2. What is Acrylic Staple Fiber? Who Invented It?

• Definition: Acrylic staple fiber is a short-cut form of polyacrylonitrile (PAN) fiber, typically 30-150mm long, used in spinning and nonwovens.

• Inventor:

  • DuPont (USA) developed pure PAN fiber in the 1940s (branded as Orlon), but it was not commercialized due to dyeing difficulties.

  • 1950s: Copolymerization with vinyl derivatives (e.g., methyl acrylate) improved spinnability and dyeability, enabling mass production.

3. Development History

• 1940s: DuPont’s early PAN research (no commercialization).

• 1950s: Industrial production begins (e.g., Orlon in the US, Cashmilon in Japan).

• 1980s: Global production peaked at 2.1 million tons, second only to polyester and nylon.

• Post-2000s: Functional upgrades (flame-retardant, high-moisture absorption, carbon fiber precursors).

4. Physical Properties

• Density: 1.16–1.18 g/cm³ (lighter than wool).

• Strength: 2.4–3.7 g/den (dry), retains >90% strength when wet.

• Elasticity: Superior to wool (85–95% recovery rate).

• Light Resistance: Best among synthetics (only 20% strength loss after 1-year outdoor exposure).

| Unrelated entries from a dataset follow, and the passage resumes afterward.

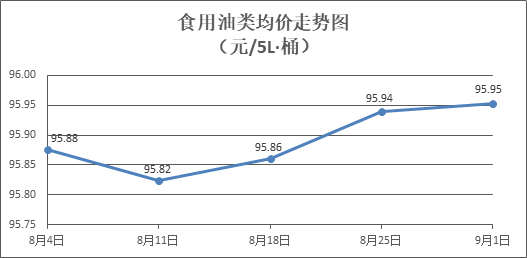 食用油类商品价格基本平稳。所监测的9种食用油(5L装)商品价格波动情况为2涨7平,综合零售均价为每桶95.95元,环比上涨0.01%。其中:菜籽油、玉米油零售均价分别为每桶74.42元、77.67元,环比分别上涨0.07%、上涨0.09%。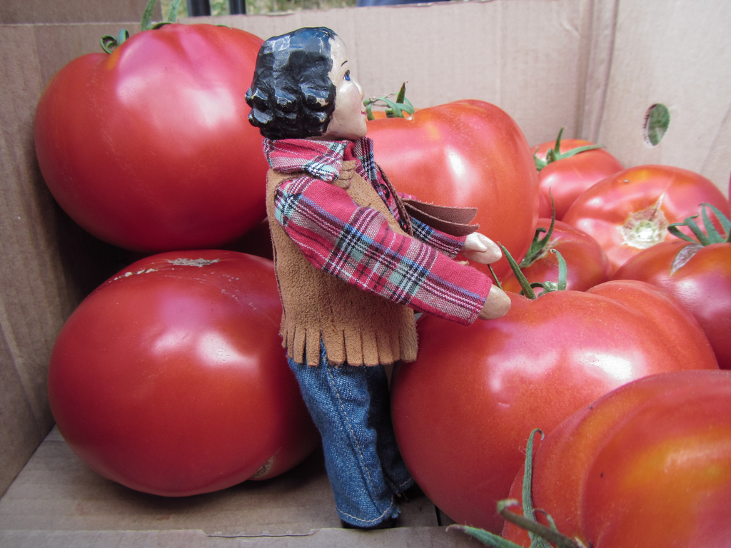 Tansy has gone off on another jaunt with her favourite photographer.  They are doing Archaeological work on Quadra Island during the week, and visiting the farmer’s market on the weekends.  Tansy found a plate of tomatoes.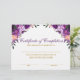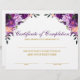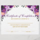 Professional, Customizable, Certificate of Completion. Great for classes, training courses, schools, business courses and more. Personalize with your custom text. Elegant Watercolor Purple Ultra Violet Floral with purple flowers, peonies and botanical greenery. Gold Script.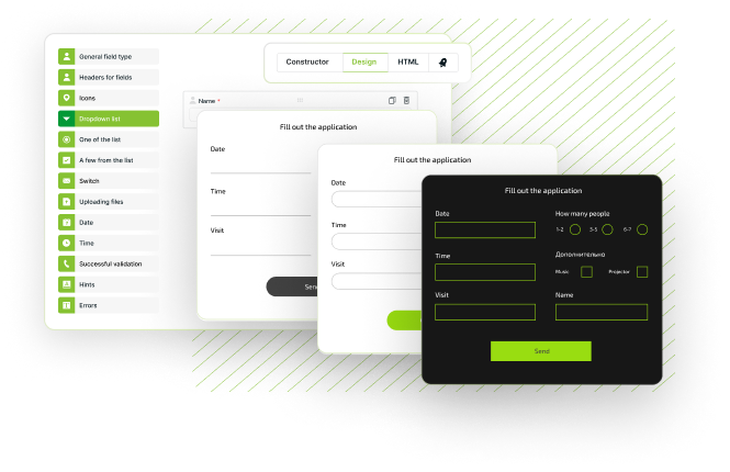 The functionality of the service will allow you to quickly create and customize feedback for the desired goals. The toolbar contains all the necessary elements and types of form fields: text and numeric strings, date and time selection, drop-down lists and the rest. You can use feedback forms made on the constructor without a website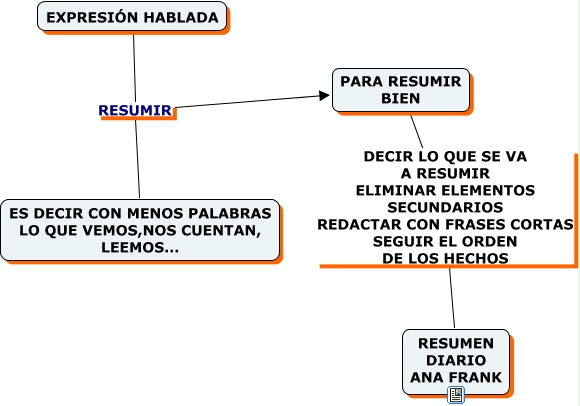 Este Cmap, tiene información relacionada con: RESUMIR, EXPRESIÓN HABLADA RESUMIR PARA RESUMIR BIEN, EXPRESIÓN HABLADA RESUMIR ES DECIR CON MENOS PALABRAS LO QUE VEMOS,NOS CUENTAN, LEEMOS..., PARA RESUMIR BIEN DECIR LO QUE SE VA A RESUMIR ELIMINAR ELEMENTOS SECUNDARIOS REDACTAR CON FRASES CORTAS SEGUIR EL ORDEN DE LOS HECHOS RESUMEN DIARIO ANA FRANK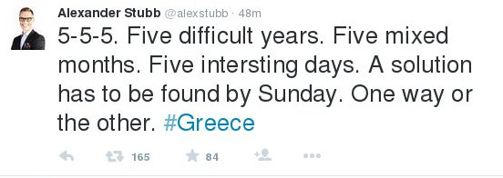 Ο Φινλανδός υπουργός Οικονομικών τόνισε σε ανάρτηση του ότι το 5 είναι κοινή συνισταμένη καθώς είναι 5 χρόνια μνημονίων, 5 μήνες διαπραγμάτευσης με τη νέα κυβέρνηση και 5 κρίσιμες ημέρες μέχρι και την Κυριακή.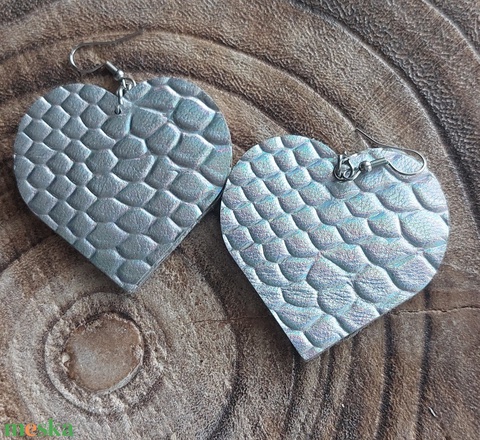 Ezüst fémes hatású szív alakú bőr fülbevaló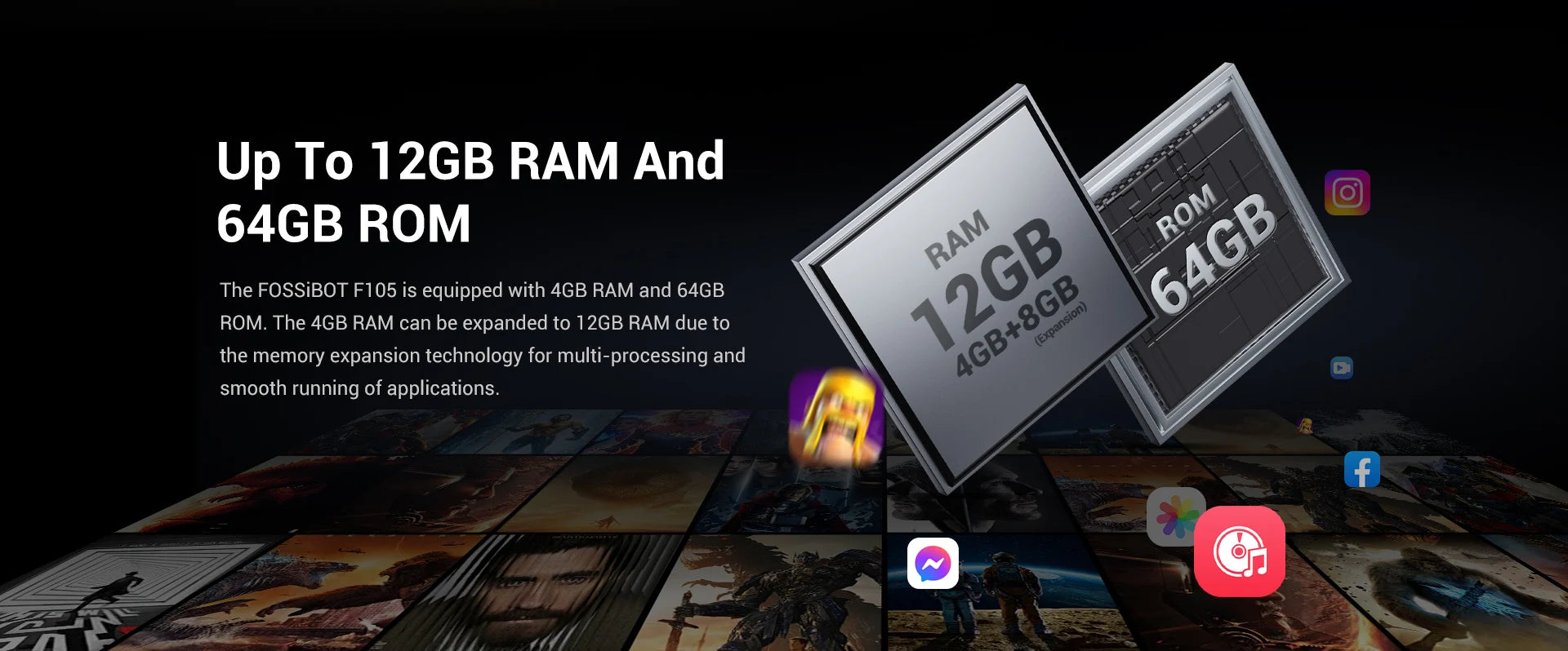 The FOSSiBOT F105 is equipped with 4GB RAM and 64GB ROM.The 4GB RAM can be expanded to 12GB RAM due to the memory expansion technology for multi-processing and smooth running of applications.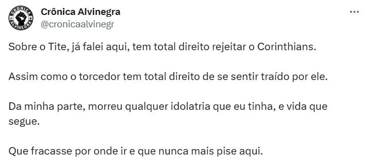 Além de acertar com um ‘rival’, o fato de Tite ter voltado atrás na decisão de assumir um time em 2023 também é muito comentado pelos paulistas. Só neste ano, o Corinthians tentou a contratação do técnico em quatro oportunidades – em todas ouviu que o profissional só assumiria uma equipe a partir de 2024.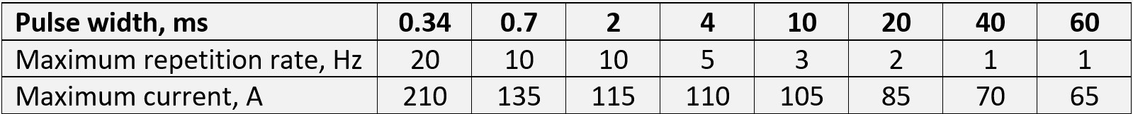 ** Calculated for standard operation mode: pulse duration 0.34 ms, repetition rate 20 Hz, current 210 A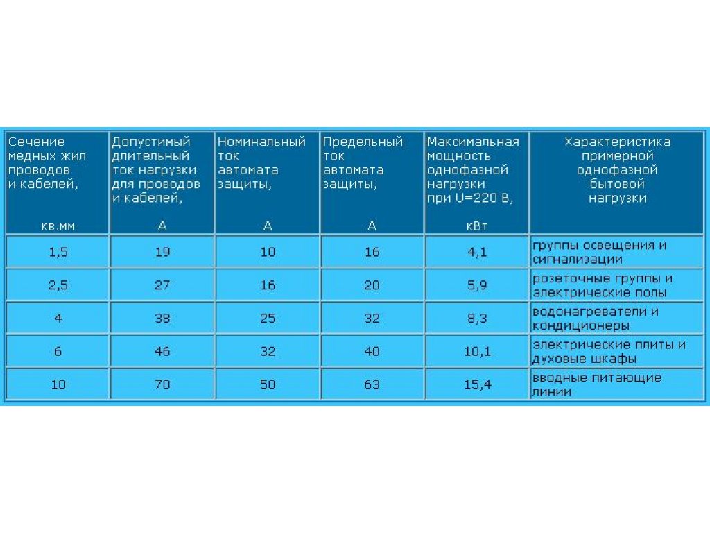 | la Coupe transversale conducteurs, mm² | Permis courant, un | Max. Puissance charge, kW | Courant automatique, un | Possible consommateurs |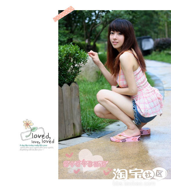 3.可爱格子裹胸衣衣+花边短裤+人字拖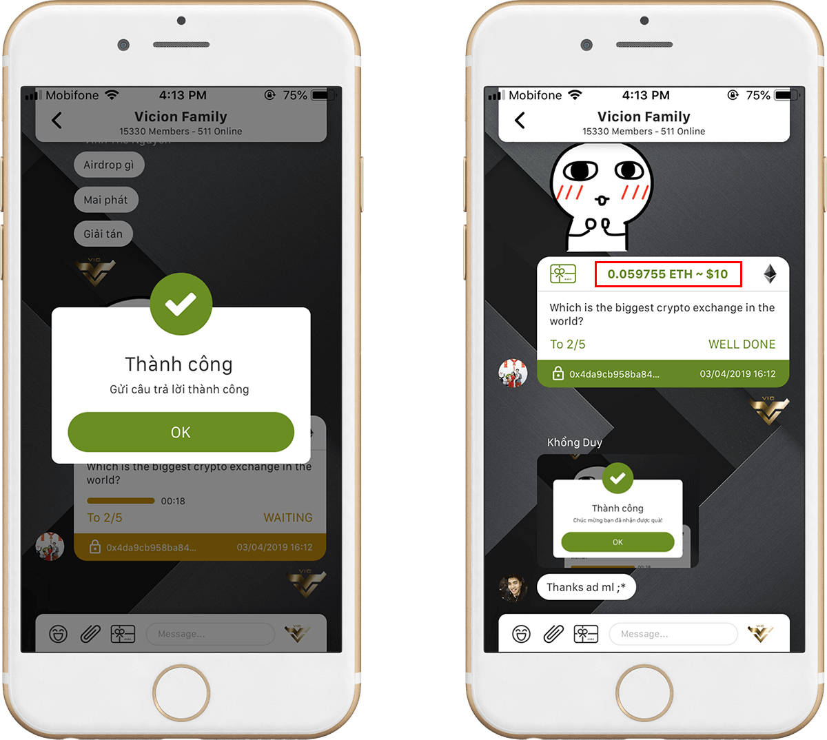 Câu trả lời chính xác và nhanh nhất sẽ nhận được token về thẳng ví thông qua Smart Contract.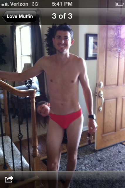 Next subject o’ fun: Mike and I have a couple of wine-making, Europe traveling, celeb mingling, socialite friends named Aaron and Amanda. We have a ton in common. While they were in Cannes recently, Aaron posted a picture on Facebook of him wearing a sausage sling on a yacht. I thought this was absolutely HYSTERICAL so Aaron decided to take it a step further and wore the boner suit over to our house last Sunday. It totally reminded me of the time my mom and stepdad took us to Mexico when I was in college. We were all lying on the beach making fun of some guy climbing out of the ocean wearing a snorkel, mask, flippers and a flesh colored marble sack. We all grew silent as the figure walked over to us and we realized it was Bob. We called him Speedo Bobito for the duration of the trip and for our reward they never took us anywhere again.

• Thermal Behavior: Softens at 190–240°C; flammable.

5. Chemical Properties

• Acid/Alkali Resistance: Resists HCl, H₂SO₄, HNO₃; degrades in strong alkalis.

• Solubility: Dissolves in acetone/DMF; insoluble in common organic solvents.

• Dyeability: Requires copolymerization (e.g., sulfonic groups) for better dye uptake.

6. Future Outlook

1. Carbon Fiber Precursors: Growing demand for PAN-based carbon fiber (aerospace, wind turbine blades).

2. Sustainable Fibers: Recycled/bio-based acrylic driven by eco-policies.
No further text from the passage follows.